South Africa’s latest census recorded more than 2.4 million migrants last year, with the highest percentage coming from neighbouring Zimbabwe at 45.5%, followed by Mozambique and Lesotho.

They make up only around 3% of the total population of 62 million – though officials acknowledge the difficulty in counting foreign nationals, especially those who are undocumented.

South African Border Management Authority officers gather in Musina, 5 October 2023South African Border Management Authority officers gather in Musina, 5 October 2023

Hundreds of border guards have been recruited by the new BMA agency

For Dr Mosoaledi, it is clear “no-one can account for all undocumented migrants” in South Africa and says the government was already trying to deal with them.

“Immigration Services deport between 15, 000 and 20,000 illegal foreigners every year at a huge cost.
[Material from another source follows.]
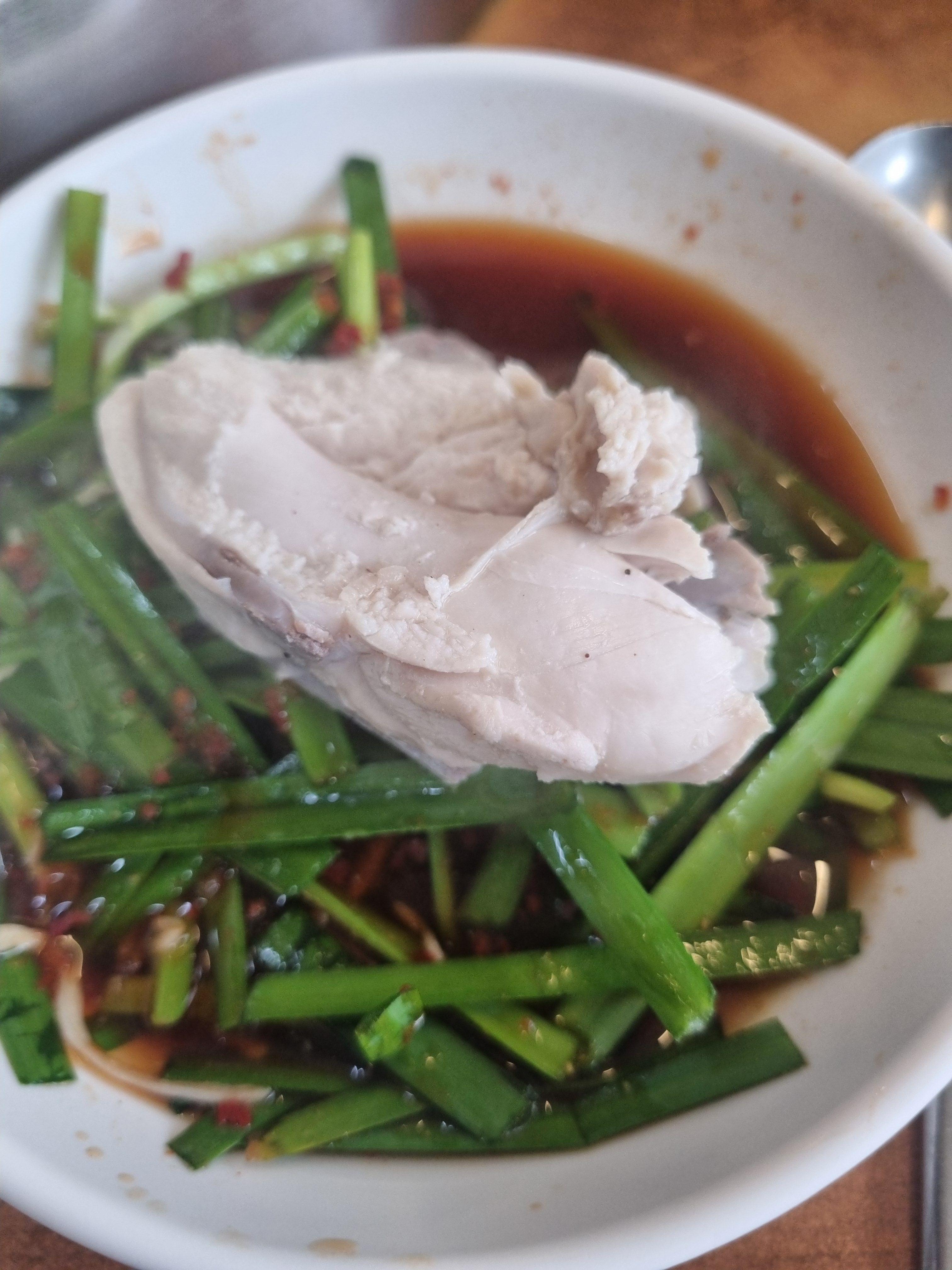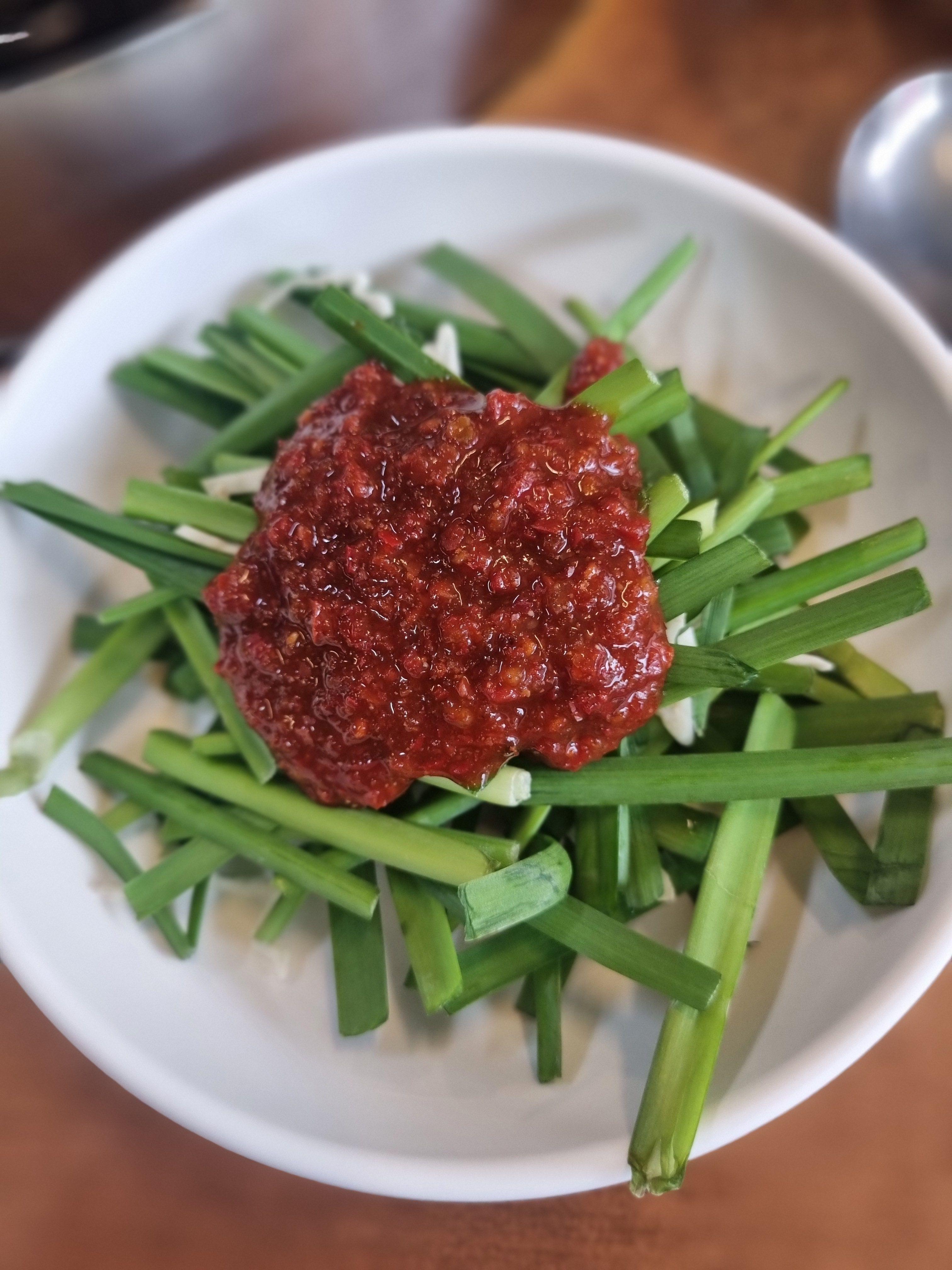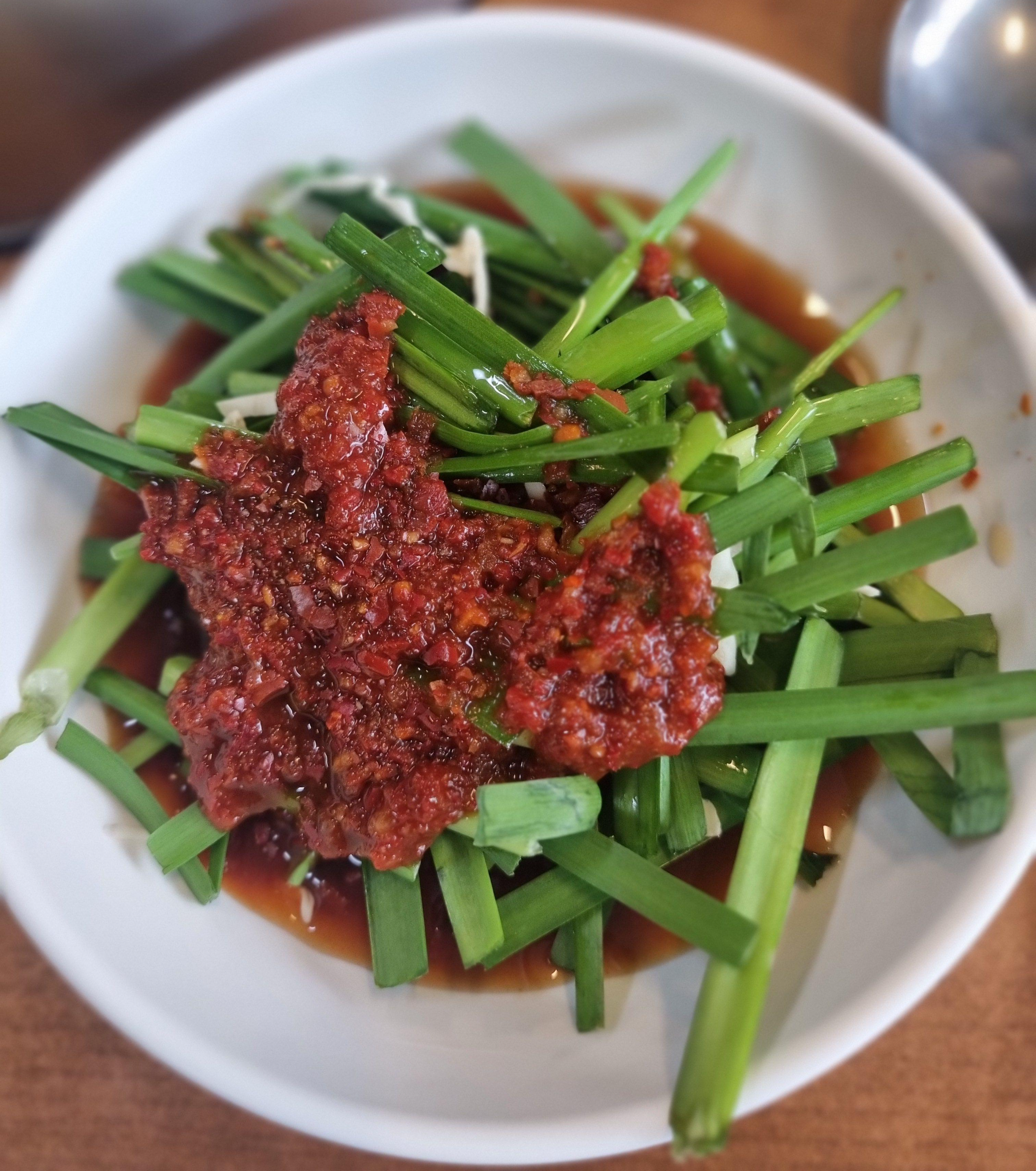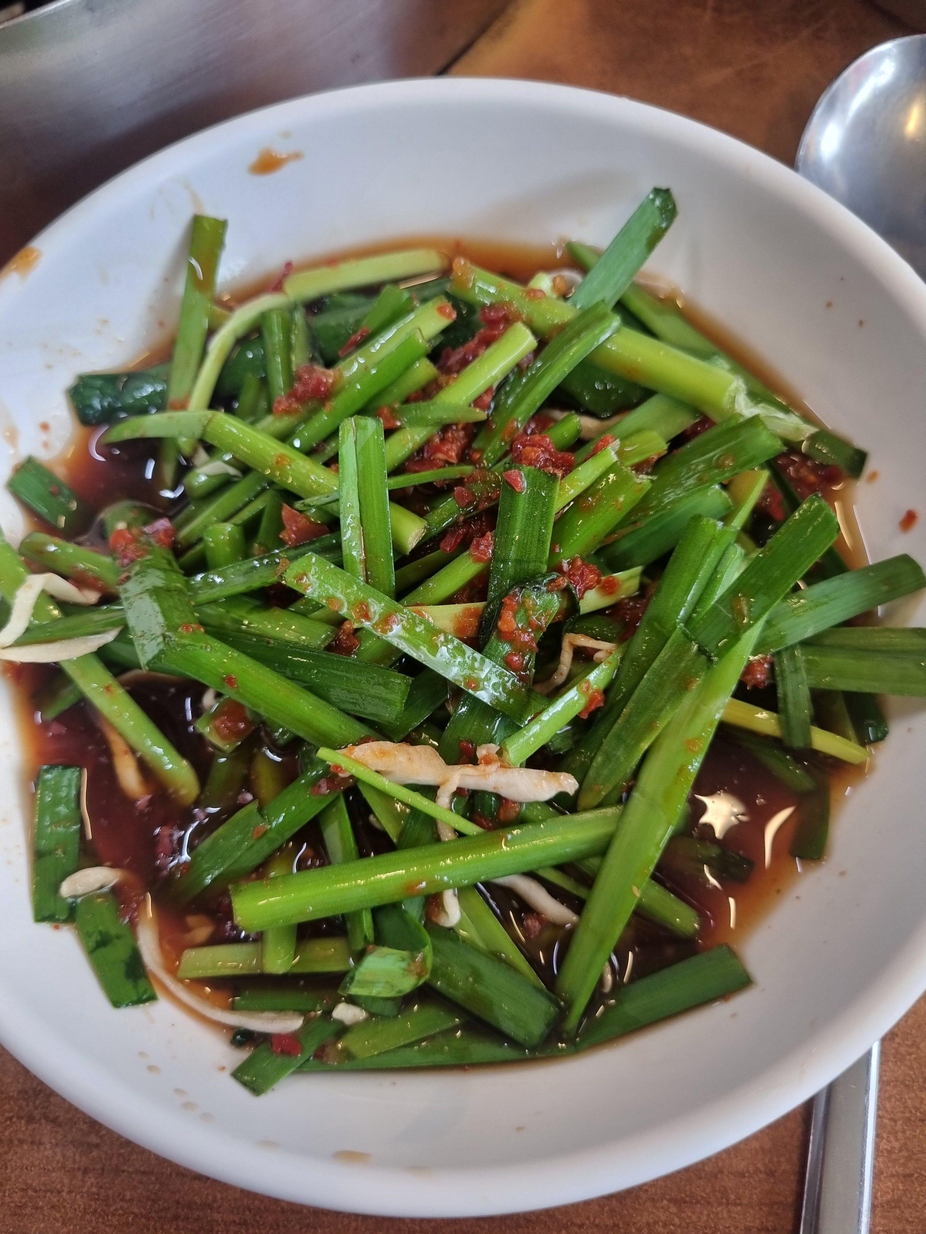 이 부추무침도 별미인데, 아삭아삭한 부추에 고추다대기랑 간장 소스가 섞여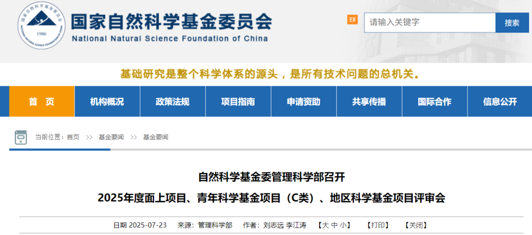 "7月16日至18日,自然科学基金委管理科学部2025年度面上项目、青年..."

This number is on the increase,” he said, pointing out that the government was setting up a new law enforcement agency – known as the Border Management Authority (BMA) – to “significantly reduce the risk of foreigners entering the country illegally”.

“New legislation must be introduced to strengthen the powers of immigration officers and inspectorate, and make continuing training compulsory,” Dr Motsoaledi added.

He also called for the establishment of immigration courts, saying “the current legislative framework was untenable and leads to long delays in finalising immigration matters, including deportation”.

Dr Moyo told the BBC that it was difficult to clamp down on undocumented migrants, as most were from neighbouring states.

“If you arrest and deport them, they come back the following week,” he said.

“You can’t stop the movement of people. It’s better to create a mechanism to allow people to be documented.”

Yet, with an election looming, the government is unlikely to drop its plans, especially as some opinion polls suggest that the ANC risks losing its outright majority in parliament for the first time since 1994.

As Dr Moyo noted, those parties that called for tougher immigration policies, including tighter border controls, performed “very well” in the 2021 local elections in South Africa’s economic heartland of Johannesburg and the capital, Tshwane.